--- Instructions to follow ---
Please give back the listing below word for word and drop any images.

--- Supplied data ---
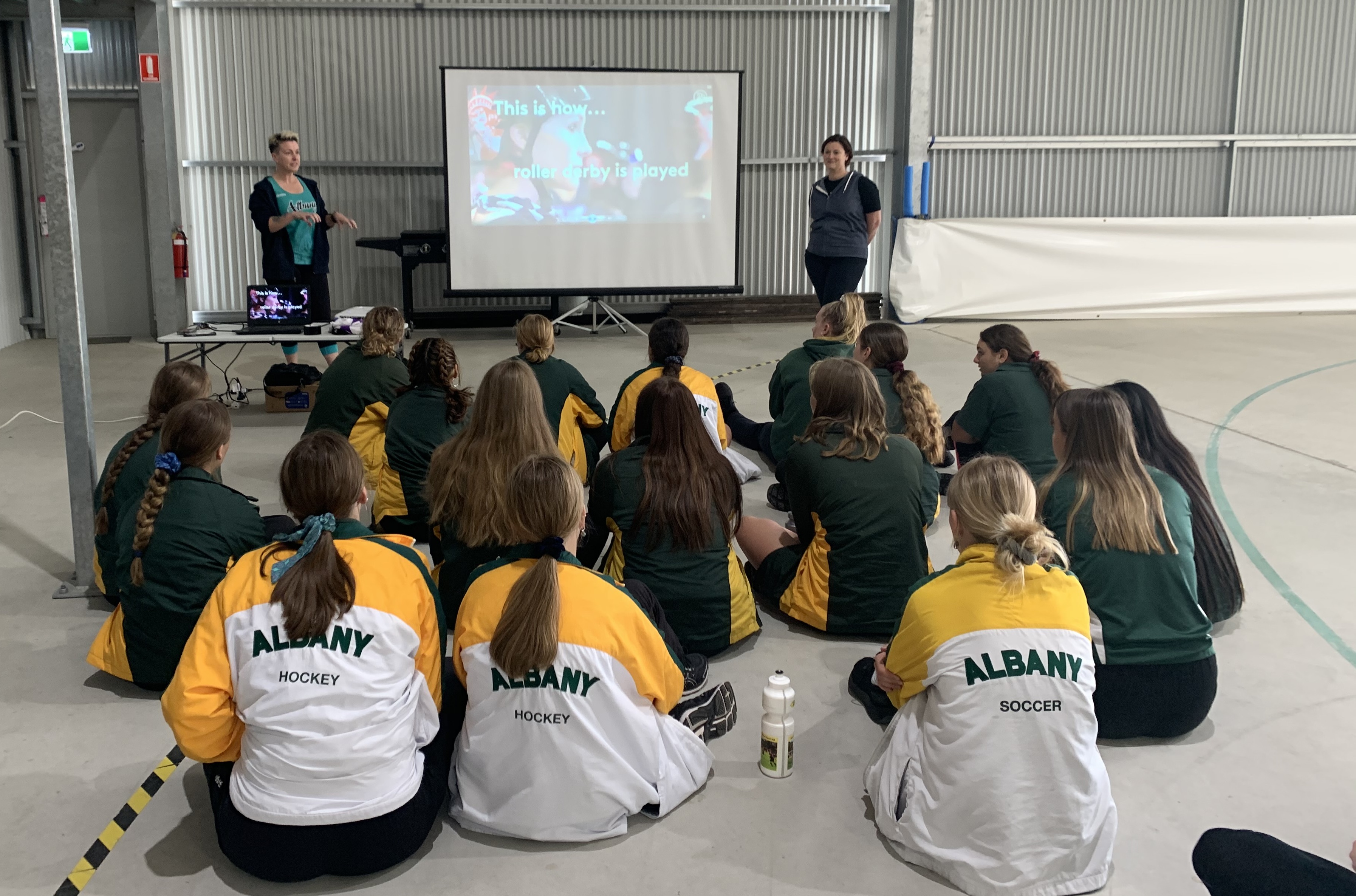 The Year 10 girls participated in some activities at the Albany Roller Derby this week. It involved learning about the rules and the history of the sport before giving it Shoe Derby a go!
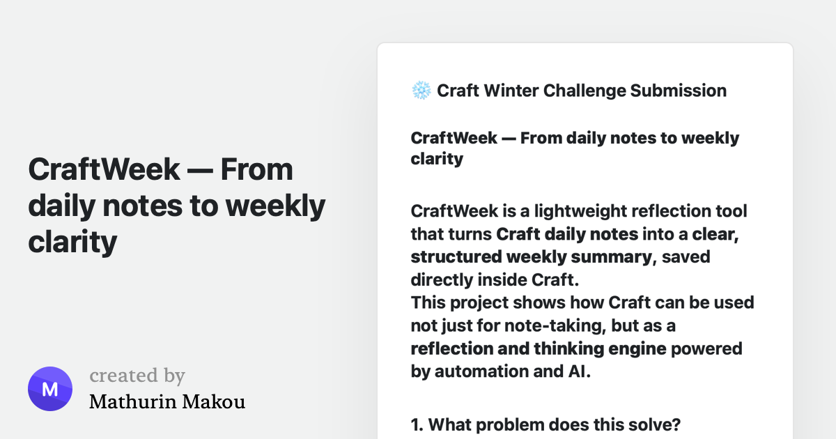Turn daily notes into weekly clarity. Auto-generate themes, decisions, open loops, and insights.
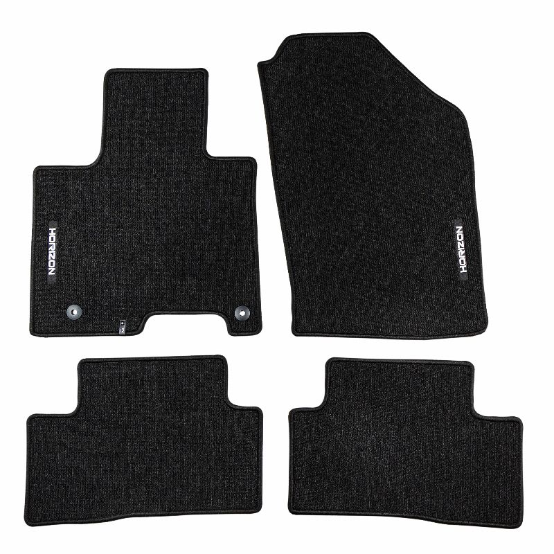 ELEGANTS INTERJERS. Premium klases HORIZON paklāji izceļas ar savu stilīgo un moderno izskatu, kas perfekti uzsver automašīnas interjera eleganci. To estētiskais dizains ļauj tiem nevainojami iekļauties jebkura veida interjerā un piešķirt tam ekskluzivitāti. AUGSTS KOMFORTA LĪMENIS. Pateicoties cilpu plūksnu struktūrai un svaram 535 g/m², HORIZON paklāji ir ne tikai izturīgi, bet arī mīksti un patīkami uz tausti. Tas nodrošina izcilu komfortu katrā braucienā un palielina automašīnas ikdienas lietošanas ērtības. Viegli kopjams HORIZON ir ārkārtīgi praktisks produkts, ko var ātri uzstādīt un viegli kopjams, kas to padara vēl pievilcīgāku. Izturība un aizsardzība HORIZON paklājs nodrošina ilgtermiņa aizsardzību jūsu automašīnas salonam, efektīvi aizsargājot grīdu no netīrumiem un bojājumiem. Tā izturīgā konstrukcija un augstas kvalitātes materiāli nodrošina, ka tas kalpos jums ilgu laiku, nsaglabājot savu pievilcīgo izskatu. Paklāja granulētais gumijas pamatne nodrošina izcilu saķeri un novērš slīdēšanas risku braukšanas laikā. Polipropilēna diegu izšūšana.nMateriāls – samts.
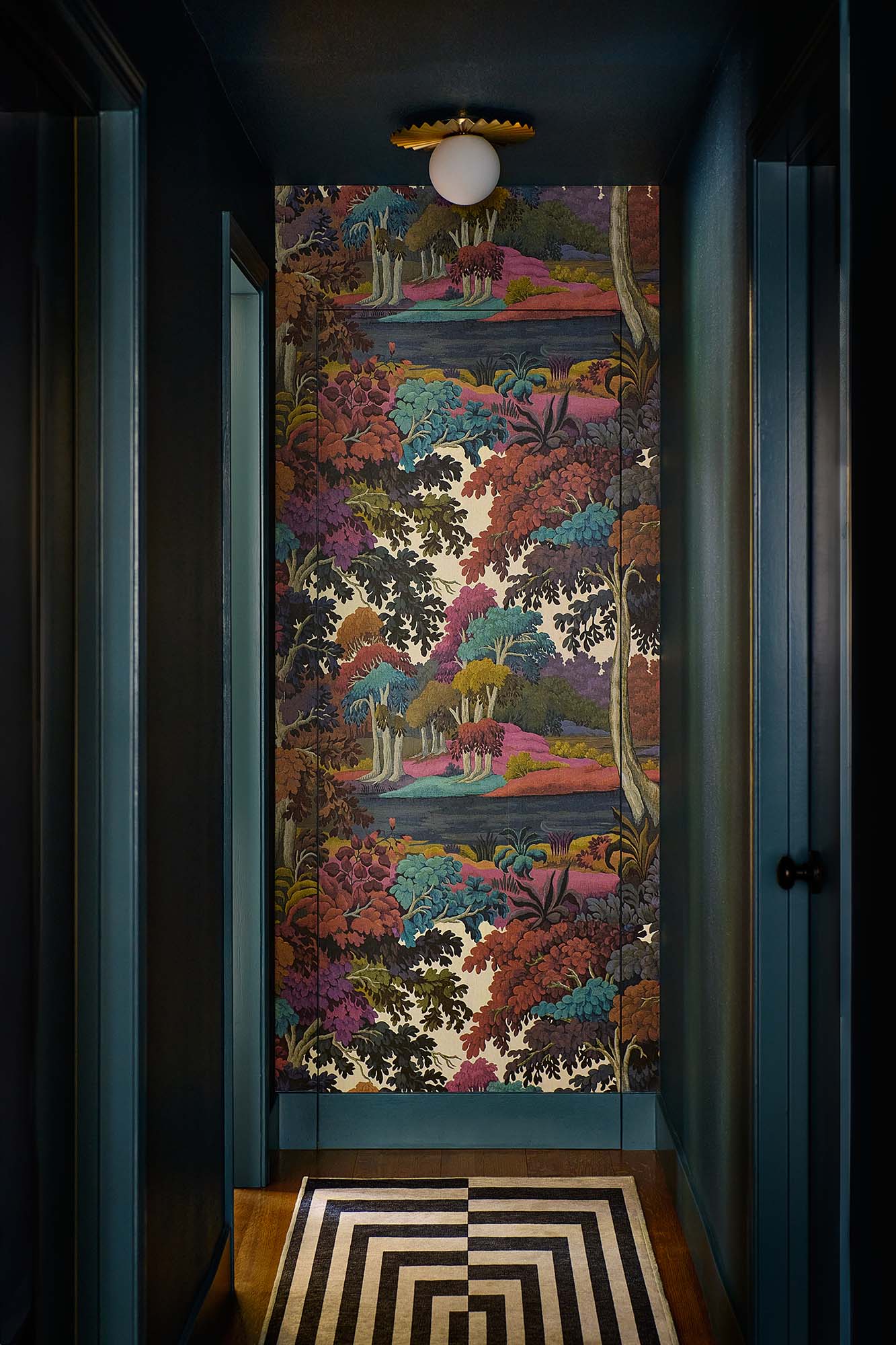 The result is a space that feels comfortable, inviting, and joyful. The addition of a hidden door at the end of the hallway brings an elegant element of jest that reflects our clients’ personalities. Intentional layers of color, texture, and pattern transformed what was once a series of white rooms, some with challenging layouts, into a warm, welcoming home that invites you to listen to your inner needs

--- Output ---
 The Year 10 girls participated in some activities at the Albany Roller Derby this week. It involved learning about the rules and the history of the sport before giving it Shoe Derby a go!
Turn daily notes into weekly clarity. Auto-generate themes, decisions, open loops, and insights.
 ELEGANTS INTERJERS. Premium klases HORIZON paklāji izceļas ar savu stilīgo un moderno izskatu, kas perfekti uzsver automašīnas interjera eleganci. To estētiskais dizains ļauj tiem nevainojami iekļauties jebkura veida interjerā un piešķirt tam ekskluzivitāti. AUGSTS KOMFORTA LĪMENIS. Pateicoties cilpu plūksnu struktūrai un svaram 535 g/m², HORIZON paklāji ir ne tikai izturīgi, bet arī mīksti un patīkami uz tausti. Tas nodrošina izcilu komfortu katrā braucienā un palielina automašīnas ikdienas lietošanas ērtības. Viegli kopjams HORIZON ir ārkārtīgi praktisks produkts, ko var ātri uzstādīt un viegli kopjams, kas to padara vēl pievilcīgāku. Izturība un aizsardzība HORIZON paklājs nodrošina ilgtermiņa aizsardzību jūsu automašīnas salonam, efektīvi aizsargājot grīdu no netīrumiem un bojājumiem. Tā izturīgā konstrukcija un augstas kvalitātes materiāli nodrošina, ka tas kalpos jums ilgu laiku, nsaglabājot savu pievilcīgo izskatu. Paklāja granulētais gumijas pamatne nodrošina izcilu saķeri un novērš slīdēšanas risku braukšanas laikā. Polipropilēna diegu izšūšana.nMateriāls – samts.
 The result is a space that feels comfortable, inviting, and joyful. The addition of a hidden door at the end of the hallway brings an elegant element of jest that reflects our clients’ personalities. Intentional layers of color, texture, and pattern transformed what was once a series of white rooms, some with challenging layouts, into a warm, welcoming home that invites you to listen to your inner needs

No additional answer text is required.